We were inevitable: the two strongest wolves doing what was expected of the strongest wolves since Pack first left the Ironwood.
The thing I miss most of all is the utter lack of doubt that was his inheritance. John was descended from wolves who’d spent 350 years coddled by Homelands’ sanctuary. I am not. I have known doubt and I have known fear. The fear of making a decision, the fear of being wrong, the fear of others paying the price, the fear of being the last Alpha of the last pack of the last wolves.
Wait… Is that it? Sitting upright, I focus my attention on the gap between the High Pines and Westdæl and the sound coming up a distant road, like the whine of giant mosquitoes.
“What is it?”
I’ve forgotten the name of the machine.
“It’s, umm…” I rotate both fists forward in the air.
“ATVs?”
“Yes, ATVs. They like to drive them in the mud of the land up north. They come now and ride around at night, but they are very loud and they worry V…the Gray. The forever wolves.” My voice hitches. “I want them gone.”
He looks toward Westdæl, running his fingers through his hair. Strand by strand, he plucks away a stick, a seed, a leaf, a needle, a burr, until all the traces of the Grenemann are gone.
Don’t.
But I don’t stop him, because I know he was the one who tore the north lands apart, and all the sticks and stems and seeds and samaras in the world will not turn him into a fierce protector of the forest.
“Alpha,” he starts, pauses, then starts again. “That land was muddy before we cleared the trees, but afterward, it became almost impassable. We had to put in culverts and drains or we wouldn’t have been able to get in. I know where they are—the culverts—and if we took them out, used them to block the access roads, I would bet it’d become impassable again.”
Somewhere high in the icy ether, an invisible airplane leaves contrails across the starlit sky.
“You’re not going to escape.”
He shrugs. “What’s the point of escaping if I don’t have some place to escape to?
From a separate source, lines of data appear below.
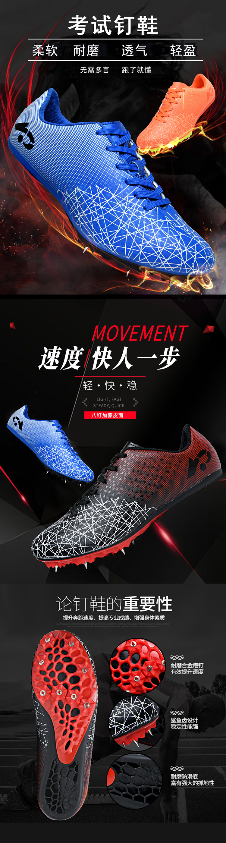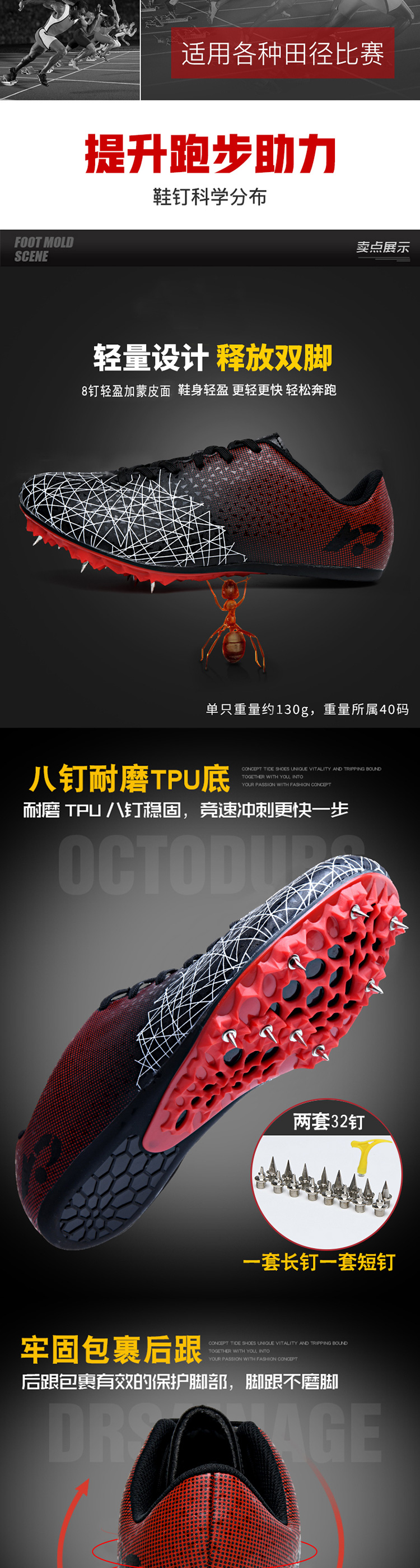 刺桐先生钉鞋八钉田径短跑男女专业钉子鞋中长跑步训练体考中考专用鞋跑步鞋长短钉
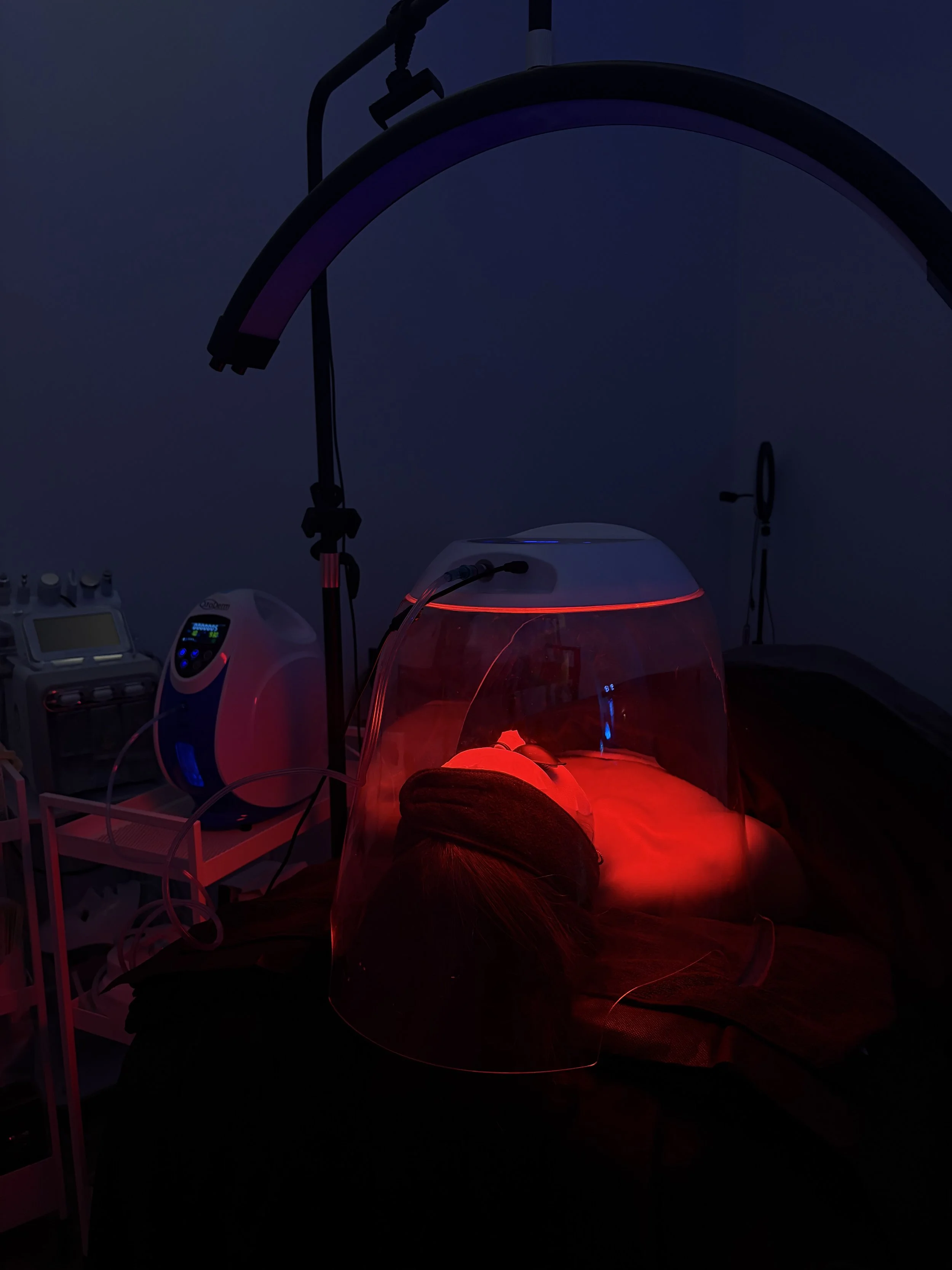 • Oxygen LED dome therapy (92%+ pure oxygen)
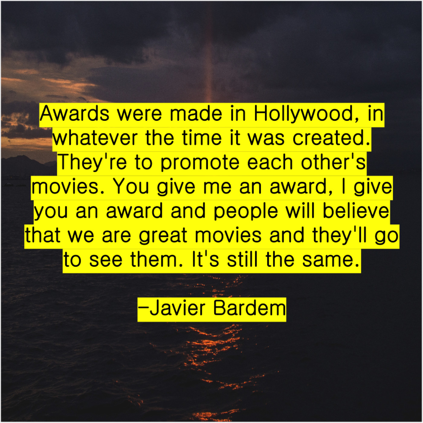 “Awards were made in Hollywood, in whatever the time it was created. They’re to promote each other’s movies. You give me an award, I give you an award and people will believe that we are great movies and they’ll go to see them. It’s still the same.”

I’ve crossed hundreds of borders working for August so I know it takes more than crossing borders to make a man free.”
It’s hard for me to even imagine what it’s like crossing hundreds of borders. This is my place. Wolves don’t travel more than a day’s drive from pack territory, but it makes the Pack nervous if the Alpha is away too long, which means I’ve rarely been farther than Plattsburgh.
“Do you miss her?” he suddenly asks.
“Who?”
“Varya.”
“Of course not. She is still here.” I brush my hands against my jeans; Francesca and Lorin are probably waiting for me already. “And still as much a member of the Great North as she was when I could talk to her.”
Constantine pushes himself off the ground, his back scraping up against the tree. He holds out his hand to me, but I don’t need his help. Coiling the muscles in my thighs, I raise myself with no help from ground or tree or Shifter.
He stays with his hand extended when a light breeze rolls down from Westdæl, blowing his hair across his cheekbone. A scent that I would have caught easily if I’d been wild is hard to make out with this nose. It is faint and muddied by the fading carrion and steel and burned-over ash. Without thinking, I move closer and breathe in deeply and remember the winter we ate too many deer and the spring when the undergrowth grew unchecked and the dry summer when the hiker made a fire with cottonwood that sparked and snapped.
We didn’t tell him “Stop” because we couldn’t. We just ran for our lives, followed by everything that was fast enough and the cries of everything that wasn’t.
Eventually, the fire ended and the rains started, and not long after, tiny mounds of bright green sprouted tender and tentative on the puddled gray earth, the smell of water and green life and resilience and hope.
He doesn’t move as I breathe it in again and again until that sound like a giant mosquito whines louder and reverberates through the gap between the High Pines and Westdæl. Even Constantine hears it. I know because I feel his stubbled jaw brush against my cheek as he turns to listen.
“Let me help,” he whispers next to my ear. “If not for you, for Varya.”